Work order:
Your output should be the lines below from the one with "14 K Gold Cross" through the one with "В нашем СНТ", copied exactly, pictures excluded.

Record extracts:
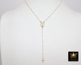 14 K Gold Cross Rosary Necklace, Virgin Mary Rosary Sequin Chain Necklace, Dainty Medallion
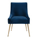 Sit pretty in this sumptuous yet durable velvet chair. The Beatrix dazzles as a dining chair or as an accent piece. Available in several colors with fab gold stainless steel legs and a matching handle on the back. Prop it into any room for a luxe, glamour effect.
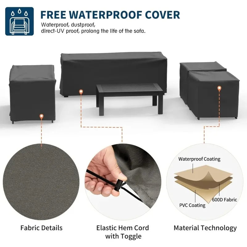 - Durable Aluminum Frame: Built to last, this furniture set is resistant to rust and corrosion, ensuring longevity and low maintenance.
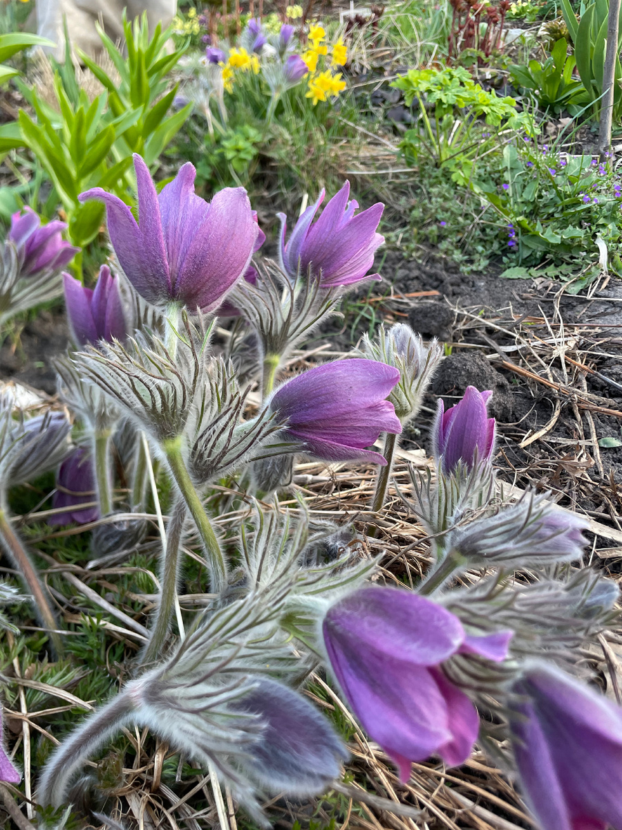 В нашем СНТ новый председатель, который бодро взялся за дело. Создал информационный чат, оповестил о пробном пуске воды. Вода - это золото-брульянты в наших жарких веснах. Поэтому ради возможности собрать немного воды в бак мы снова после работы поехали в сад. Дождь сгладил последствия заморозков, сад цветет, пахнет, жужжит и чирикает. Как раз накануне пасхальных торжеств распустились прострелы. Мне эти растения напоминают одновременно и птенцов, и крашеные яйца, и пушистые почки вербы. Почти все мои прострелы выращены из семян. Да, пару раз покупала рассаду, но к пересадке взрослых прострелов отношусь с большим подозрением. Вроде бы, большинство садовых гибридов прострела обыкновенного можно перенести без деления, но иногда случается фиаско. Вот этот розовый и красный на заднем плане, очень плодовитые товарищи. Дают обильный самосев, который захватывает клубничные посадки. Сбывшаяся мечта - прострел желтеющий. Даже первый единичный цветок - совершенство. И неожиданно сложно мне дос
...
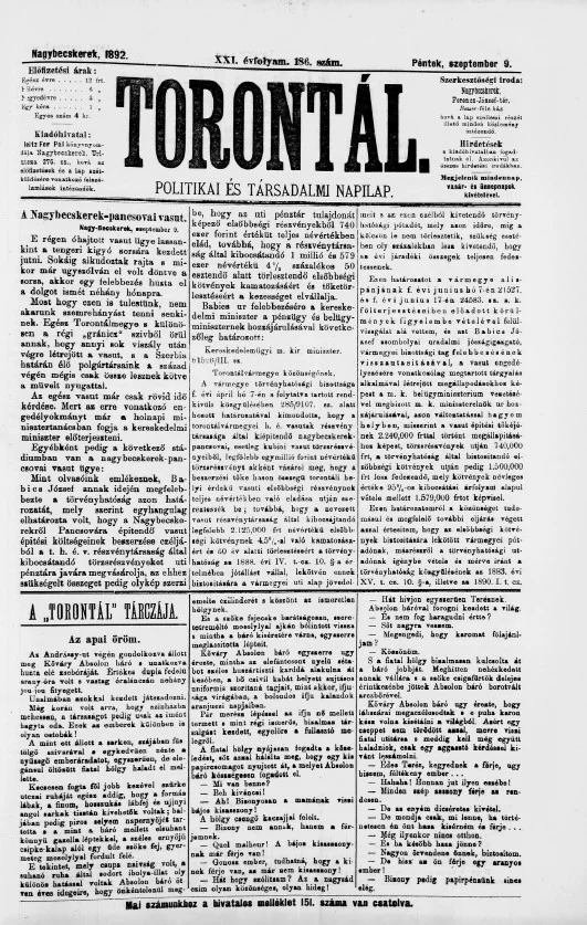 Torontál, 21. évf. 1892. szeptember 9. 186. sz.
* * *
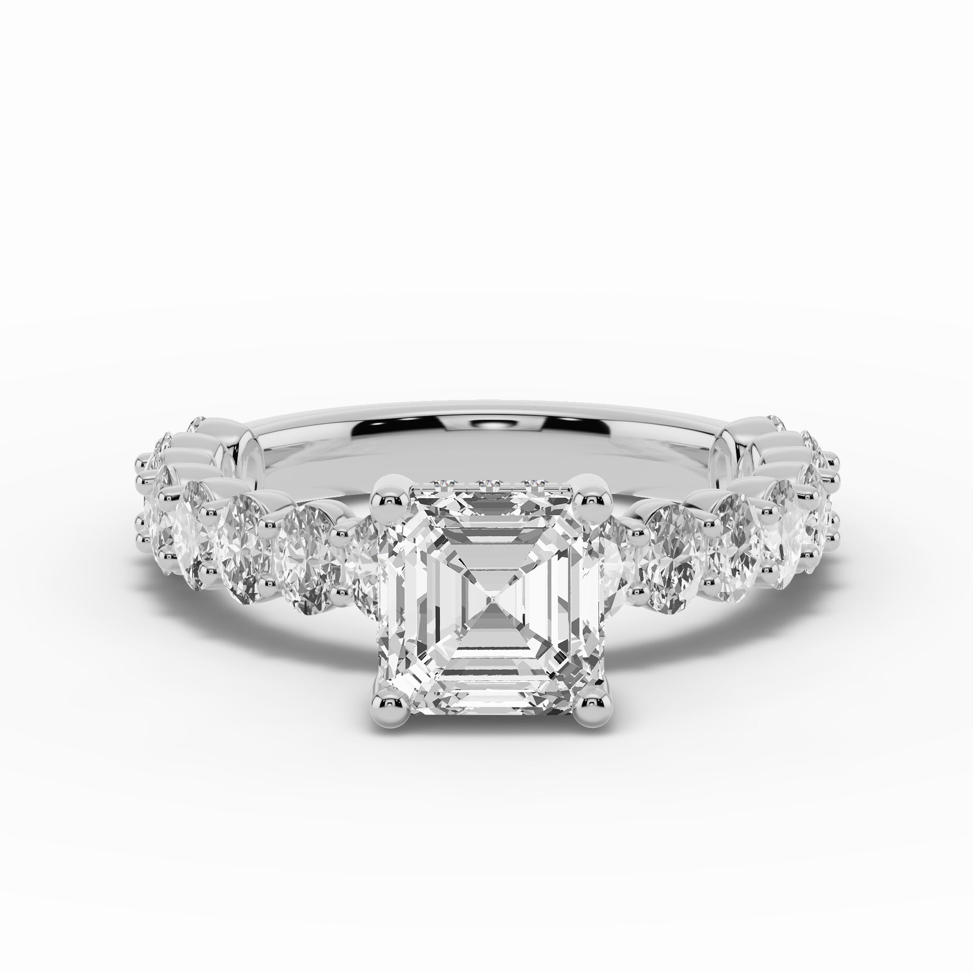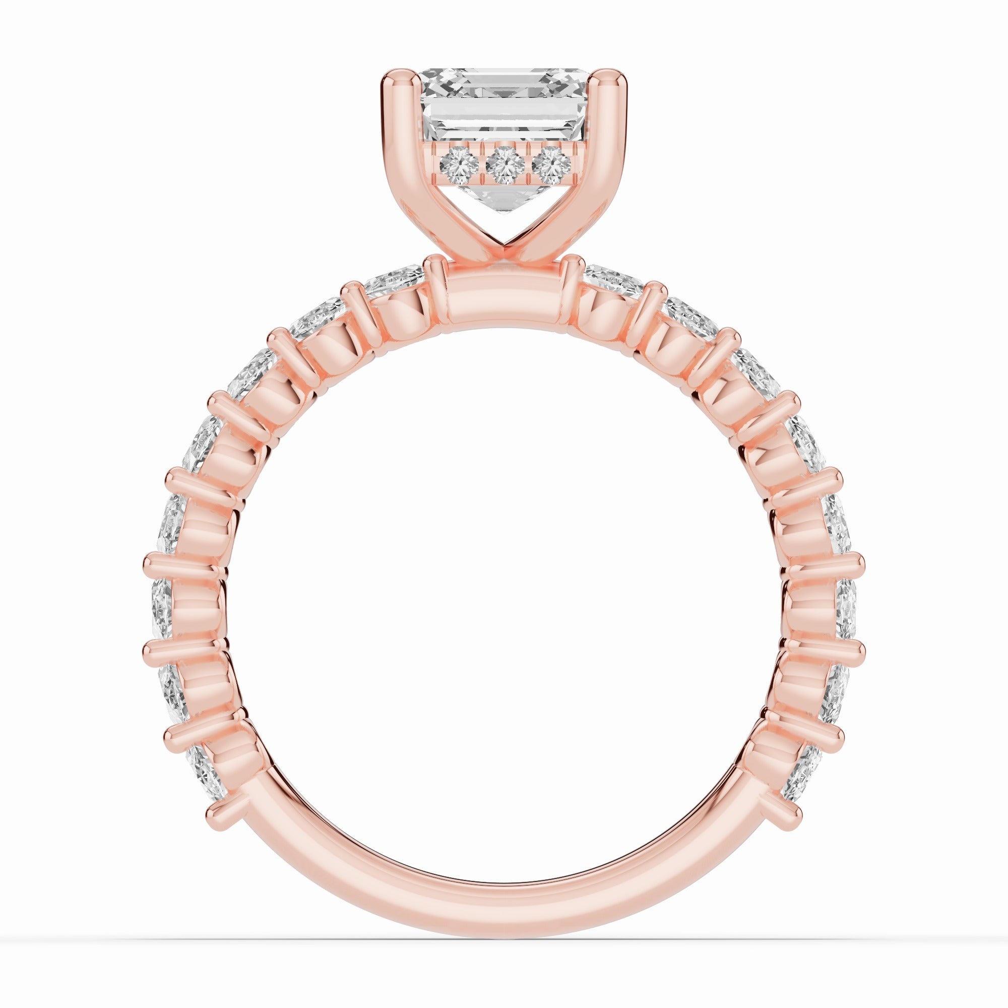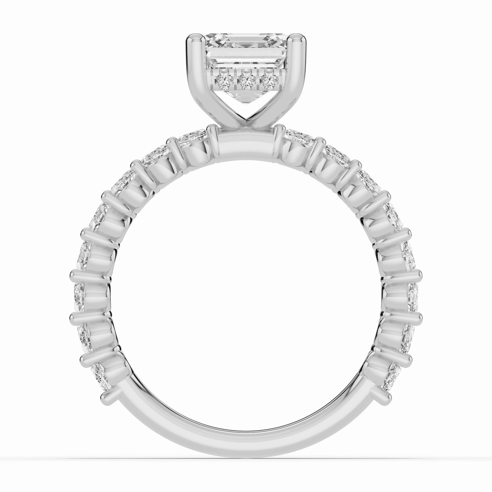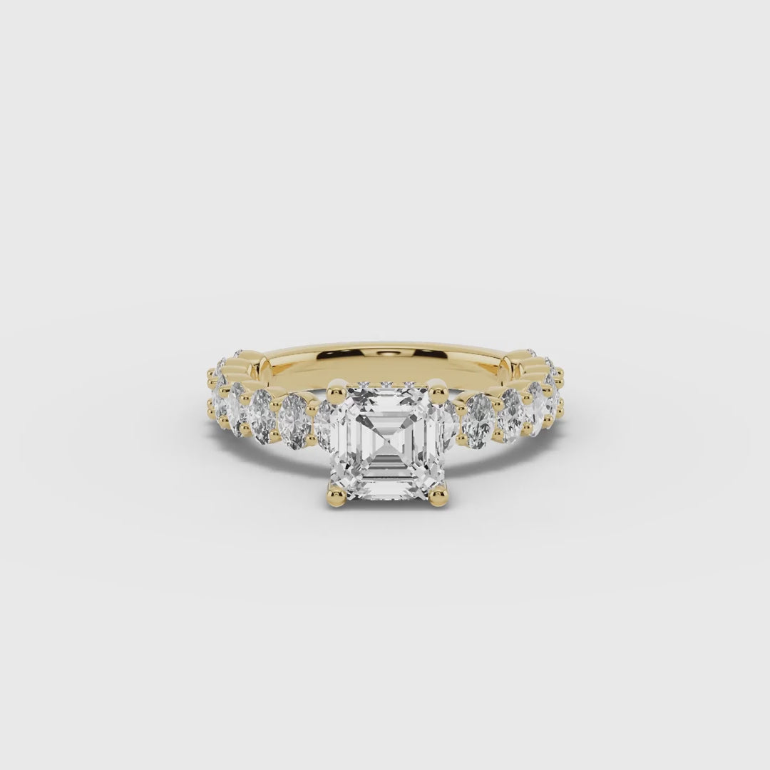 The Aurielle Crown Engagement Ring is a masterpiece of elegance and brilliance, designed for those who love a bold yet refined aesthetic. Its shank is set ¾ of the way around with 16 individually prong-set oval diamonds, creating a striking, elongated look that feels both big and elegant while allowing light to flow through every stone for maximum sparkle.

Exercise response:
 14 K Gold Cross Rosary Necklace, Virgin Mary Rosary Sequin Chain Necklace, Dainty Medallion
 Sit pretty in this sumptuous yet durable velvet chair. The Beatrix dazzles as a dining chair or as an accent piece. Available in several colors with fab gold stainless steel legs and a matching handle on the back. Prop it into any room for a luxe, glamour effect.
 - Durable Aluminum Frame: Built to last, this furniture set is resistant to rust and corrosion, ensuring longevity and low maintenance.
 В нашем СНТ новый председатель, который бодро взялся за дело. Создал информационный чат, оповестил о пробном пуске воды. Вода - это золото-брульянты в наших жарких веснах. Поэтому ради возможности собрать немного воды в бак мы снова после работы поехали в сад. Дождь сгладил последствия заморозков, сад цветет, пахнет, жужжит и чирикает. Как раз накануне пасхальных торжеств распустились прострелы. Мне эти растения напоминают одновременно и птенцов, и крашеные яйца, и пушистые почки вербы. Почти все мои прострелы выращены из семян. Да, пару раз покупала рассаду, но к пересадке взрослых прострелов отношусь с большим подозрением. Вроде бы, большинство садовых гибридов прострела обыкновенного можно перенести без деления, но иногда случается фиаско. Вот этот розовый и красный на заднем плане, очень плодовитые товарищи. Дают обильный самосев, который захватывает клубничные посадки. Сбывшаяся мечта - прострел желтеющий. Даже первый единичный цветок - совершенство. И неожиданно сложно мне дос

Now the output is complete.